The first British teenagers appeared in the 1950s. They were the first generation to dress noticeably differently from their parents and they listened to the exciting new rock'n'roll and pop music records.

The first TV shows aimed at teenagers were pop music variety shows like Oh Boy! (ITV, 1958-59) and Ready Steady Go (ITV, 1963-66). By the Swinging '60s British youth was celebrated around the world, and TV reflected this with a magazine covering wider teenage interests from fashion to relationships, A Whole Scene Going (BBC, 1966).

The new tastes and ideas of young people could upset and outrage older generations, so schedulers at BBC1 and ITV had difficulties finding space for youth programmes. Most ended up on BBC2, including Something Else (BBC 1978-82). If A Whole Scene Going reflected the vibrant optimism of '60s youth, Something Else covered the pressing issues of Thatcher's Britain, like massive unemployment among school-leavers, mixed with live music.

Drama Grange Hill (BBC, 1978-present) had covered several teenage topics and a spin-off series for slightly older viewers, Tucker's Luck (BBC, 1983-85) went further still. So too did Maggie (BBC, 1981-82), with plotlines including teenage pregnancy. The Schools series for sixth formers, Scene (BBC, 1968-97) tackled many such issues in one-off plays. ITV struggled to schedule teen dramas like Jangles (ITV, 1982), which ended up ignored when bracketed with regular children's teatime programmes.

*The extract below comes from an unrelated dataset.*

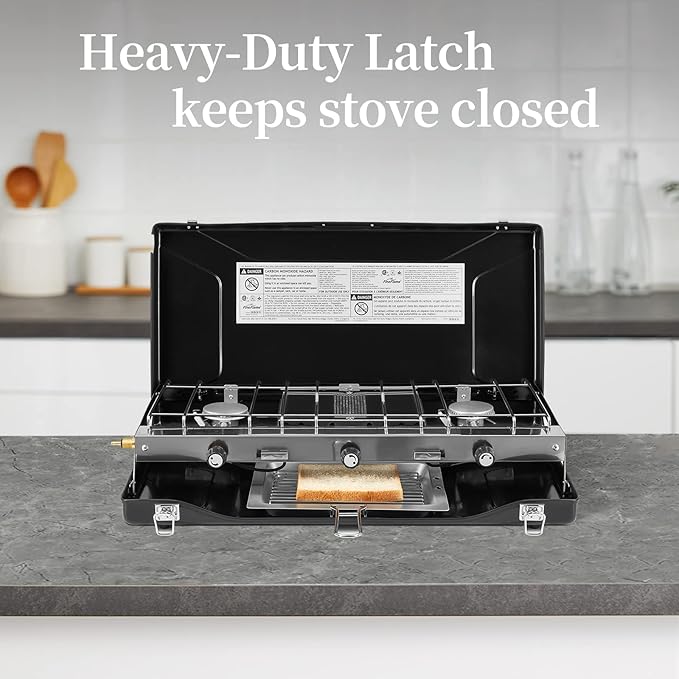 - ADJUSTABLE 3 BURNERS : This camping gas stove is equipped with 3 independently adjustable knobs, two of Piezo ignition burners with 6,600 BTU power. The middle downward burner is designed for toasting, 7200BTU power and requires manual ignition. We recommend that you use a piezo lighter. It relies on heat radiation to heat and won't burn the toast

The coming of minority channel Channel 4 in November 1982 solved this scheduling problem, and an early youth hit was rough and ready music magazine The Tube (1982-87). Network 7 followed (C4 1987-88), with an emphasis on youth issues and sensationalist journalistic scoops. BBC2 poached Network 7's creator Janet Street-Porter to develop similar programmes under the Def II banner. Network 7's journalistic aspirations were abandoned in late night, bad taste successor The Word (Channel 4, 1990-5). Relentlessly shocking for its time, it was designed to capture young audiences home from the pubs.

The acid colour schemes, info overload and fast pace of the '90s youth shows has filtered through to mainstream TV, influencing the style of everything from news graphics to daytime magazines. Youth programmes can now be found on any number of specialist satellite channels, from MTV to E4.